### Exercise aim
Only the lines from the one with "before I updated" through the end of the material are wanted, copied exactly and with the pictures left out.

### Provided material
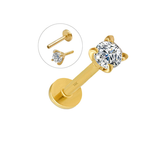 Wholesale 14K Yellow and white Gold Labret bar length 6mm 2.5mm cz
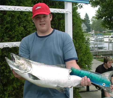 before I updated the website this last evening. Manistee still has pretty decent fishing for Kings in the deeper waters off the shelf. Look to 250 to 400 feet to find the Salmon. I heard from a boat that fished 4 hours for 12 Kings on 6/3/04.
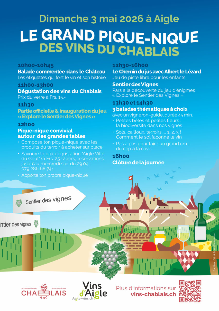 On the agenda: a guided tour of the château, a tasting of Chablais wines, a picnic, a scavenger hunt, and guided walks with local winemakers.
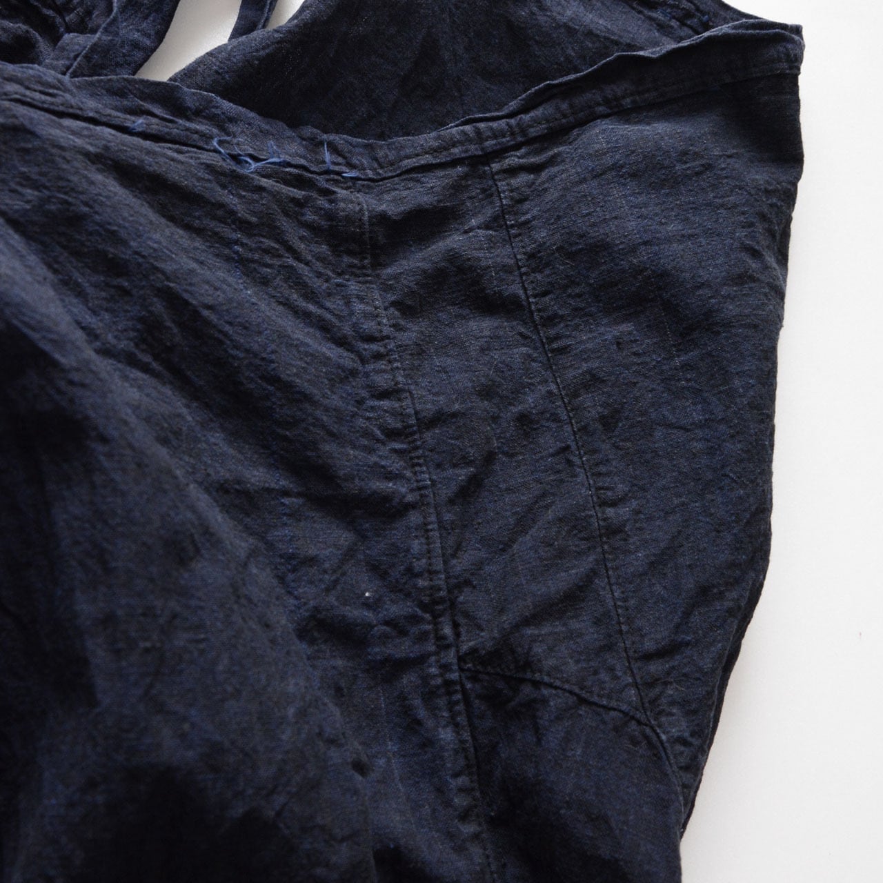 身体に密着させて着用することで動きが妨げられず、布の余りが出ないため、作業効率を高める形状となっています。紐で結んで調整する仕様は、体型や用途に合わせた自由さを持ち、昔の生活道具としての合理性を感じさせます。

### Exercise response
 before I updated the website this last evening. Manistee still has pretty decent fishing for Kings in the deeper waters off the shelf. Look to 250 to 400 feet to find the Salmon. I heard from a boat that fished 4 hours for 12 Kings on 6/3/04.
 On the agenda: a guided tour of the château, a tasting of Chablais wines, a picnic, a scavenger hunt, and guided walks with local winemakers.
 身体に密着させて着用することで動きが妨げられず、布の余りが出ないため、作業効率を高める形状となっています。紐で結んで調整する仕様は、体型や用途に合わせた自由さを持ち、昔の生活道具としての合理性を感じさせます。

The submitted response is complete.